The Foreign Trade Institute (ICE), currently part of
the Ministry of External Relations, is responsible for trade policy formulation and
implementation, including sectoral coordination. It also provides representation in
multilateral fora such as the WTO and regional or bilateral negotiations. The Ministry of
Finance is responsible for tariff policy. Foreign exchange and monetary policies are
formulated by the Central Bank of Venezuela. Policies affecting services are the
responsibility of several public sector institutions, with the ICE coordinating
international negotiations. Under legislation awaiting approval, ICE and the Ministry of
Development are to be replaced by a Ministry of Industry and Commerce.
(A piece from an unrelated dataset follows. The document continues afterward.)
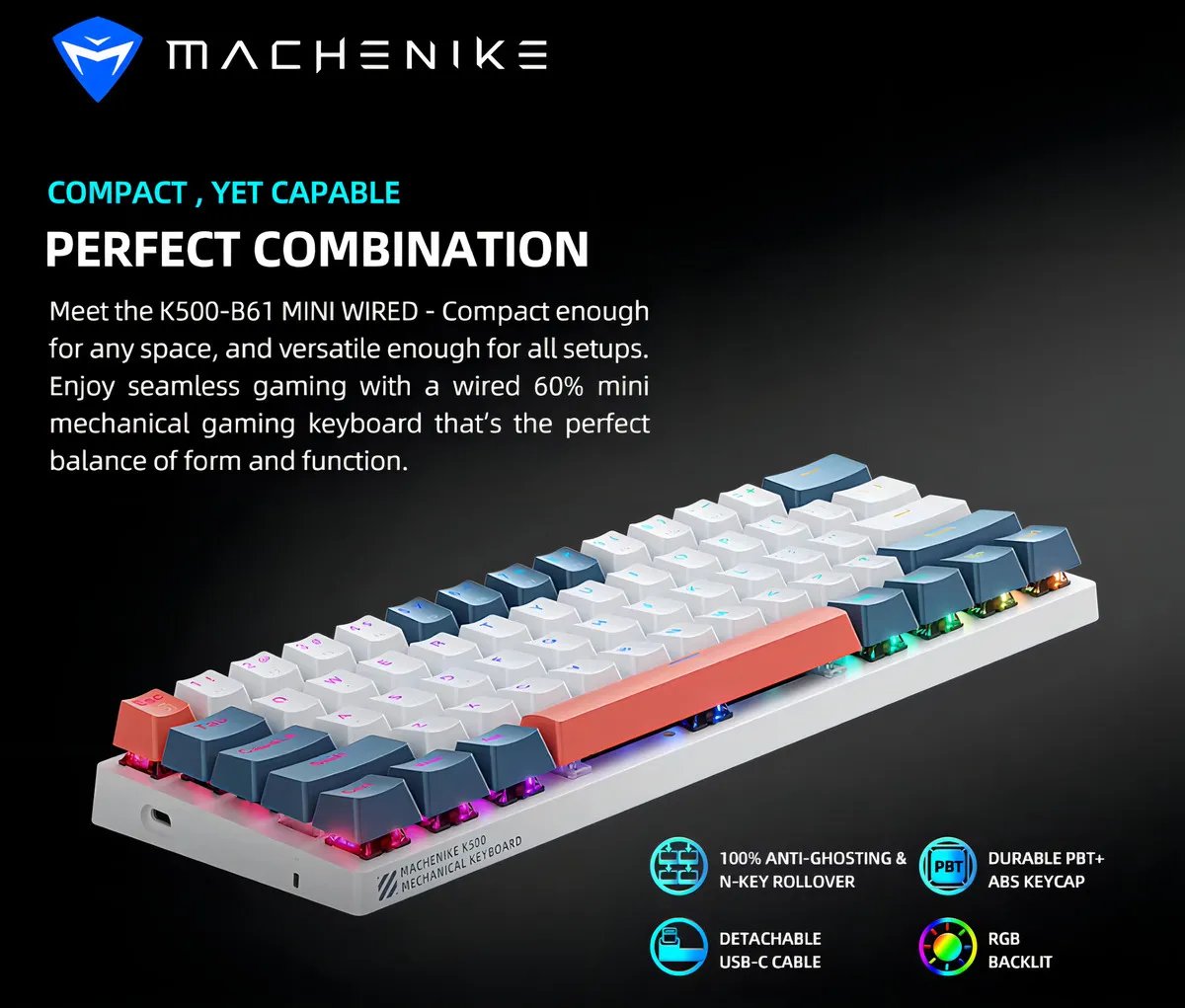 Teclado Mecânico Machenike K500-B61 Com Fio Red Switch RGB 60%

Venezuela became a formal participant in the Uruguay
Round four years after the launching of the negotiations. It ratified the Marrakesh
Agreement on 29 December 1994 to become a founder member of the WTO. For the time being,
Venezuela does not plan to sign any Plurilateral Agreement. The authorities considered the
results of the Uruguay Round particularly beneficial in areas such as textiles and
clothing, anti-dumping, countervailing measures and professional and financial services,
while issues concerning environmental and workers' rights protection are being approached
cautiously.
Since the late 1980s, the strengthening and
expansion of regional and bilateral agreements have been important elements in Venezuela's
trade policy. At present, Venezuela participates in free trade area commitments in the
Andean Group, where it applies the Common External Tariff (CET), and the Group of Three
(with Colombia and Mexico). Bilateral arrangements exist with individual Central American
Common Market (CACM) members, LAIA partners, MERCOSUR countries and Cuba, while Venezuela
provides unilateral preferential treatment to certain imports from CACM and Caribbean
Common Market (CARICOM) countries. Venezuela is also involved in longer term projects such
as the negotiations for a Free Trade Area for the Americas and the Latin American
Integration Association (LAIA).
Trade policy features and trends
Evolution of trade policies and instruments
Venezuela's trade policies changed direction in
1989, when an import-substitution policy began to be replaced by a more open régime,
whose objective was to reduce anti-export bias and integrate the Venezuelan economy more
closely into world markets. Under this policy, tariffs, import restrictions and export
incentives have all been reduced.
On accession to the GATT, Venezuela bound its tariff
at a general ceiling level of 50 per cent. These commitments were strengthened in the
Uruguay Round by agreeing to reduce the overall bound rate to 35 per cent by 2004.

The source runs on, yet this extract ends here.